One Mountain and Two Goats

Jebel Shams – the highest point in Oman.  We hadn’t been there, and Robert planned to go into the mountains, and was quite happy for the company.  He loves the mountains – every rock and crag – but he enjoys someone to talk to as well.  He has a wealth of knowledge to share about the history and geology of Oman, and he finds us willing companions.

We headed out by way of Bahla in order to avoid driving through Niswa. Bahla fort is huge, and supposedly really interesting – have to look it up online, however, as it is closed for renovations, and has been for a long, long time  It is very old, dating back to the Persian occupation, and has an incredible wall system surrounding it.  Story has it that the Persian would mud prisoners into the wall alive to torture and kill them.  Gruesome, eh?
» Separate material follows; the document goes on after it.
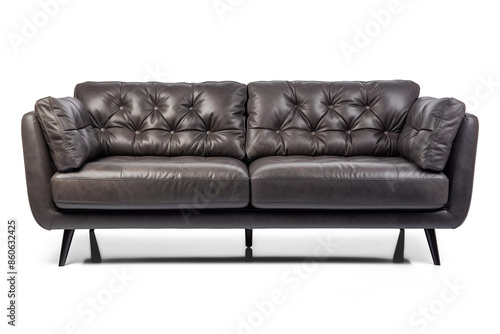 Black leather sofa. Modern couch on a transparent background. PNG.

Near the fort, there are several of the old well structures – they lifted skins of water by pulling them up with with donkeys and cattle.We drove by this marble mine – there are quite a f – I didn’t realize.  we saw several trucks carrying blocks of white marble on the way into Muscat.You reach Jebel Shams by way of Wadi Ghul.  Here is the old town.  It is connected to a fort high on the hill by a long wall.  They seemed to really like building walls.  You used to drive along the bottom of the wadi, but, Omani style, there is now a paved road for most of the route. There is a long anticline with many small wadis cut through by centuries of flooding.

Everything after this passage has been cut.